# Altima'97 KS problem P0325, HELP



## blackswankiller (Nov 28, 2008)

I have Nissan Altima'97, I'm already change Distributor ,battery and fix all vacuum problems, now have only one code P0325 Knock Sensor, I could not get inspection: when engine is cold it's runs great but after it warmed ,when is standing on lights the car dying engine knocking and sometimes dying on drive , after this sometimes i could not turned car, my question : if I'll change KS it will helps or not, and what kind of problem it is? (Sorry about my English)


----------



## chart91562 (Nov 30, 2008)

blackswankiller said:


> I have Nissan Altima'97, I'm already change Distributor ,battery and fix all vacuum problems, now have only one code P0325 Knock Sensor, I could not get inspection: when engine is cold it's runs great but after it warmed ,when is standing on lights the car dying engine knocking and sometimes dying on drive , after this sometimes i could not turned car, my question : if I'll change KS it will helps or not, and what kind of problem it is? (Sorry about my English)


My '97 set the 325 code over a year ago and ran ok, I'd erase the code and it would come.

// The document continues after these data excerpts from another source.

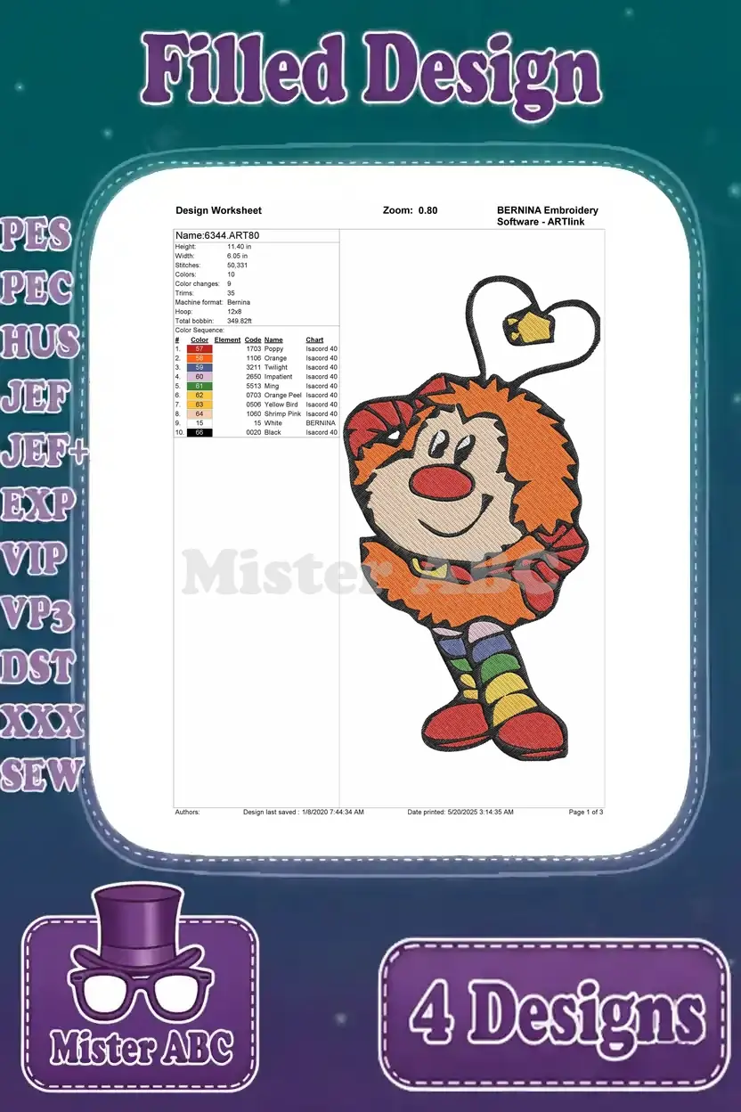 Rainbow Brite Sprites Twink Red Yellow Playing Golf Colorful Magical Creatures – Filled Embroidery Design
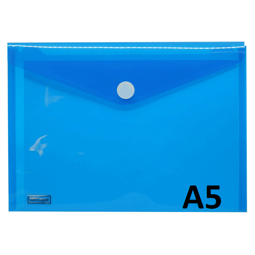 Sobre porta documentos tamaño A5 de polipropileno translúcido con acabado mate impermeable. Cierre con velcro.
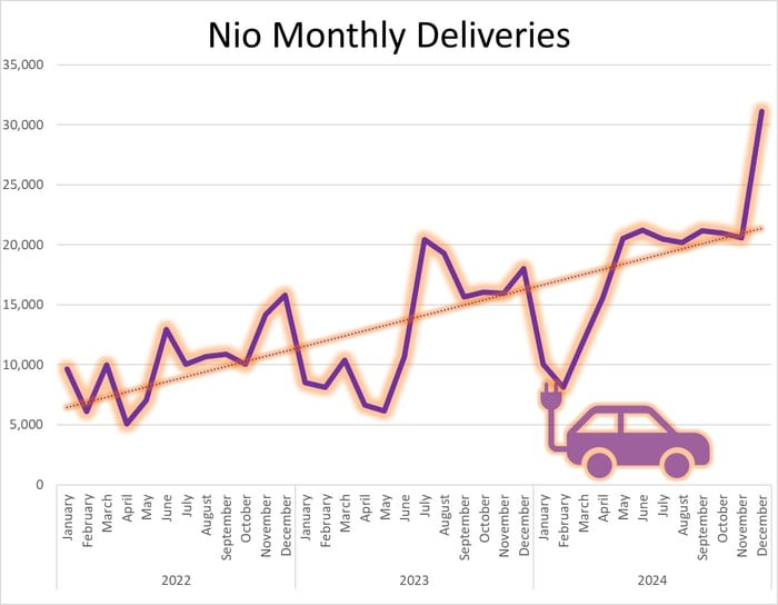Additional, December gross sales gave buyers a sneak peek on the subsequent section of development that can embody its Onvo model, which simply started logging deliveries. And do not forget it simply launched its third model, Firefly, in late December, which can even add incremental gross sales in 2025.

However, the engine did have an infrequent stalling problem and died 3 days ago-runs for a few seconds at about 500rpm-haven't figured out why but don't think it is the knock senser. The KS is at the back of the engine and very hard to access.


----------



## jserrano (Oct 27, 2004)

The KS doesn't cause engine stalling. Look elsewhere, like distributor or MAF.


----------